DATA EXCERPT:
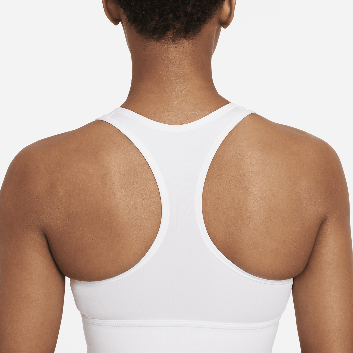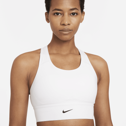 The Dri-FIT Swoosh Sports Bra gives you coverage with a length that extends just below your rib cage, and the flexibility of a racerback design. The stretchy material moves with you whether you’re throwing weights or tracking miles on the elliptical. A tight fit gives you medium support and a removable 1-piece pad adds extra coverage when you need it. This product is made with at least 50% recycled polyester fibers.
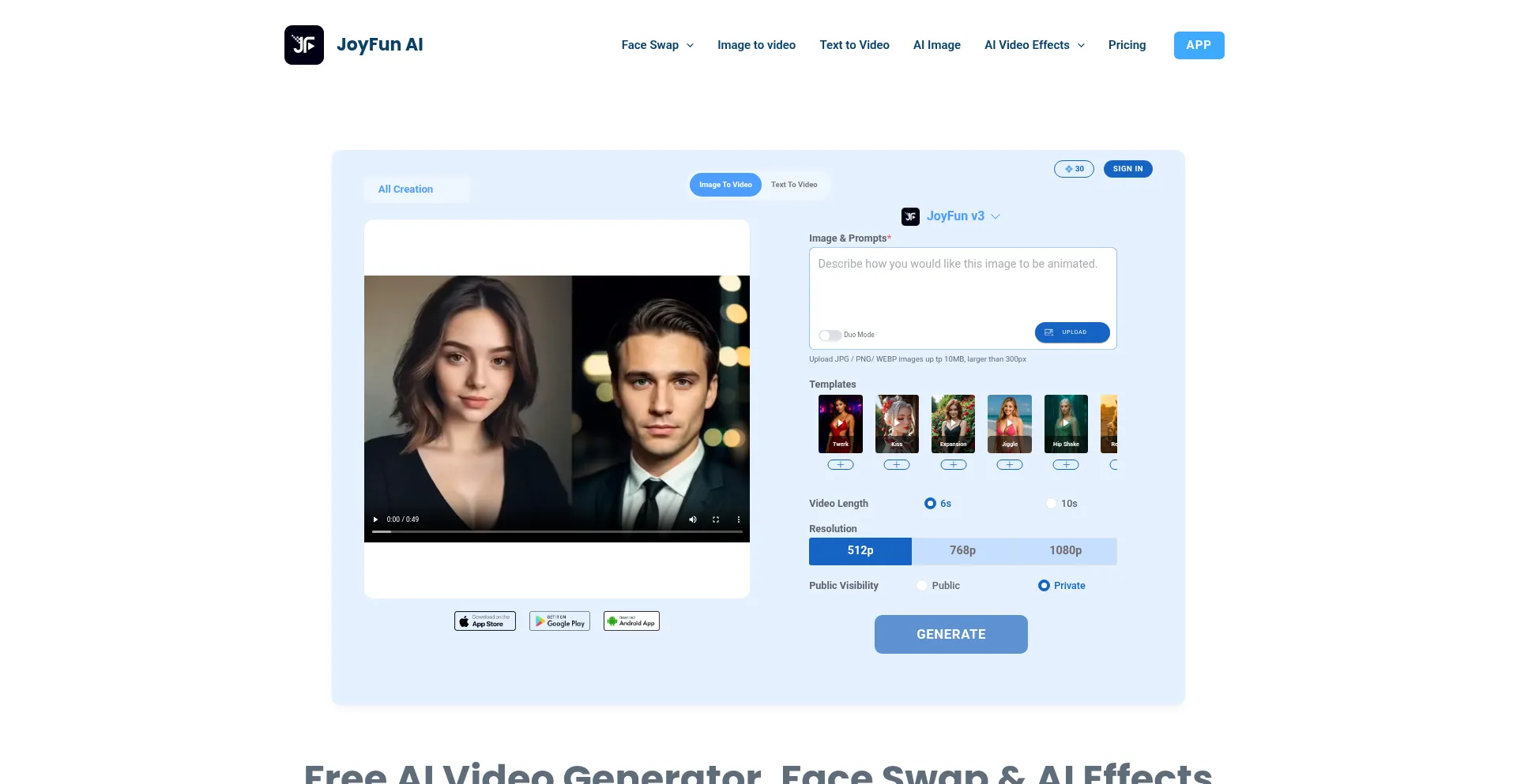 Free AI Video Generator, Face Swap & Effects | Joyfun AI
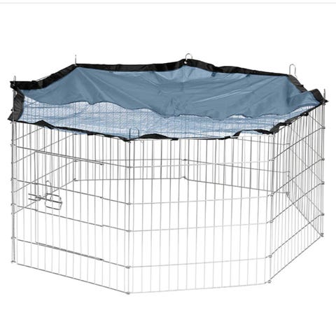 Metalbur til kaniner og smådyr, velegnet til udendørs brug. Buret har en gitterstruktur, der sikrer ventilation og mulighed for indsyn. Det kan anvendes til midlertidig indhegning eller ophold for kæledyr som kaniner.
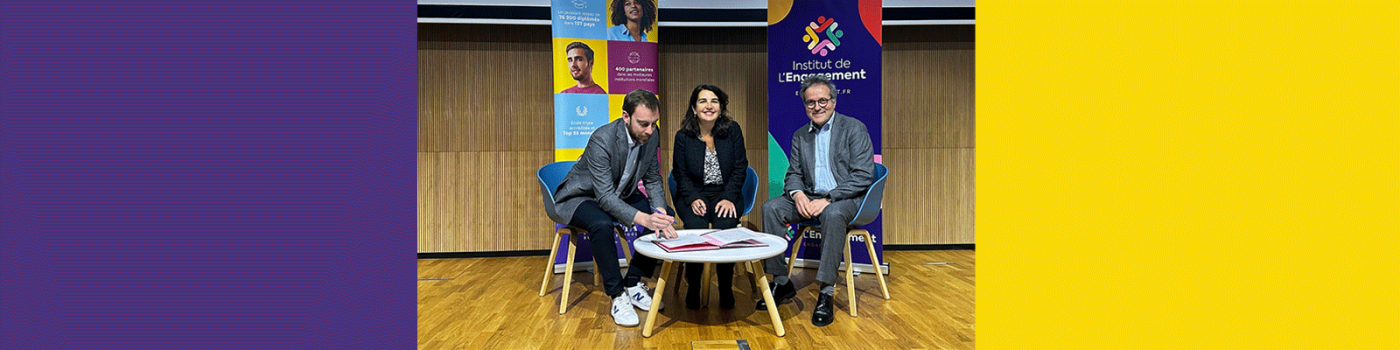 How did it come about? In late February, NEOMA and the Institut de l’Engagement signed a partnership agreement. Delphine Manceau, Dean of NEOMA, Martin Hirsch, President and Quentin Jagorel, CEO of the Institut de l’Engagement were there to mark the occasion.

WHAT YOU WILL DO:
Leaving out the pictures, reproduce the whole listing above exactly.

WRITTEN RESPONSE:
 The Dri-FIT Swoosh Sports Bra gives you coverage with a length that extends just below your rib cage, and the flexibility of a racerback design. The stretchy material moves with you whether you’re throwing weights or tracking miles on the elliptical. A tight fit gives you medium support and a removable 1-piece pad adds extra coverage when you need it. This product is made with at least 50% recycled polyester fibers.
 Free AI Video Generator, Face Swap & Effects | Joyfun AI
 Metalbur til kaniner og smådyr, velegnet til udendørs brug. Buret har en gitterstruktur, der sikrer ventilation og mulighed for indsyn. Det kan anvendes til midlertidig indhegning eller ophold for kæledyr som kaniner.
 How did it come about? In late February, NEOMA and the Institut de l’Engagement signed a partnership agreement. Delphine Manceau, Dean of NEOMA, Martin Hirsch, President and Quentin Jagorel, CEO of the Institut de l’Engagement were there to mark the occasion.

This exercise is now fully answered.